Much less is known about the spatial organization of the process in the cell nucleus. So far, the only described domains associated with the accumulation of polyadenylated transcripts are nuclear speckles. However, accumulated in these structures, transcripts do not seem to be exported to the cytoplasm. In larch microsporocytes, during diplotene, we observed first accumulation of poli(A)RNA (Kolowerzo et al. 2009) and than mRNA (Smolinski and Kolowerzo 2012) in the nucleus in the Cajal bodies. These nuclear domains “retain” polyadenylated transcripts for a very long time.
Two patterns of mRNA nuclear retention and export to cytoplasm were observed. The majority of the studied transcripts followed the first one, consisting of a long retention period and slow release to the cytoplasm. The transcript encoding subunit 10 of RNA pol II was regulated according to the first pattern, which might constitute a mechanism ensuring tight transcription control due to negative feedback. mRNAs encoding translation factors and SERRATE followed the second pattern, in which the retention period was shorter, and transcripts were rapidly transferred to the cytoplasm (Majewska et al 2021).
CBs are evolutionarily conserved structures occurring in both animal and plant cells. This indicates their fundamental role in the nuclear metabolism of eukaryotic cells. Intensive research, carried out for many years, has demonstrated the relationship between CBs and many processes associated with the metabolism of various types of RNA, for example, the maturation and assembly of snRNP (Smolinski et al. 2011; Hyjek et al. 2015), recruitment and assembly in ribosomal RNA maturation, tRNA maturation, histone mRNA maturation, the synthesis of telomeres and miRNA and siRNA maturation.
CBs are self-organized structures, appearing on local needs of increased metabolism of certain types of RNA. Assembling spliceosomal subunits is possible in the nucleoplasm, but it has been demonstrated that the process is carried out with more than 30-fold greater efficiency in the CB. For example fibroblast, cells characterized by low cellular metabolism do not possess CBs. Coilin gene knockdown (marker protein of those bodies) in cells with a high metabolism (generative cells or embryonic cells) causes the breakdown of CBs and leads to the death of these cells.

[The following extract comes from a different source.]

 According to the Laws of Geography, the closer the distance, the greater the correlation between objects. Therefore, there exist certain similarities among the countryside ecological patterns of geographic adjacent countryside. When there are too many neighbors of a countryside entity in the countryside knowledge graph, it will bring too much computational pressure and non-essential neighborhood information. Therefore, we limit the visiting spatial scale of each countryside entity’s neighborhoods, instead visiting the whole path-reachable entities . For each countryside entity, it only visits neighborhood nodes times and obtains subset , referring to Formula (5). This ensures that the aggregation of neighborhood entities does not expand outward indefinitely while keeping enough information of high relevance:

In order to verify that Cajal bodies are involved in post-transcriptional regulation of gene expression by nuclear retention of mRNAs or pre-mRNAs transcripts, we are currently conducting research on which mRNAs are stored in CBs, as well as we are trying to explain what mechanism is responsible for the retention of the mRNAs in CBs (Rudzka et al. 2021).

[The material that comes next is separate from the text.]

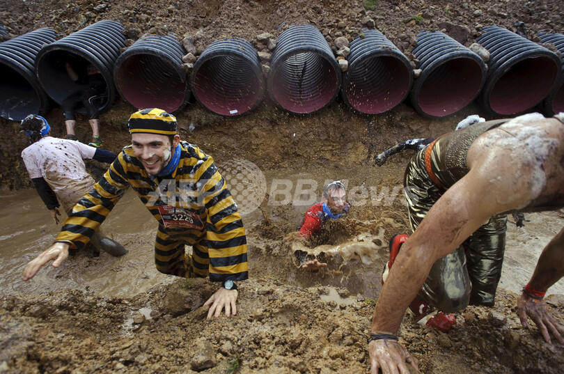 【10月15日 AFP】仏東部ラブレス(La Bresse)で14日、世界最強を自負する障害物レース「ストロングマンラン(Strongmanrun)」が開催され、思い思いのいでたちをした参加者たちが泡まみれ、泥だらけになりながらコースを駆け抜けた。このレースは英国の強烈なミント風味タブレットメーカー「フィッシャーマンズフレンド(Fisherman's Friend)」が主催するもので、自然の野山にさまざまな障害物を張り巡らせたコースで「最強」を競う。(c)AFP

To achieve these goals, we use laser microdissection (video4), analysis of the transcriptome of larch microsporocytes, proteomic analysis of proteins present in the cytoplasm of microsporocytes, bioimaging techniques in situ and in vivo at the level of single RNA molecules and PLA technique.
We believe that the retention may undergo both transcripts of genes involved in the meiotic division and the housekeeping gene transcripts. Understanding this phenomenon will significantly expand our better understanding of the processes of post-transcriptional regulation of gene expression, Cajal bodies role in the metabolism of RNA and mechanisms involved in the maturation of generative plant cells. It will enrich the current knowledge on cell biology as well as developmental biology.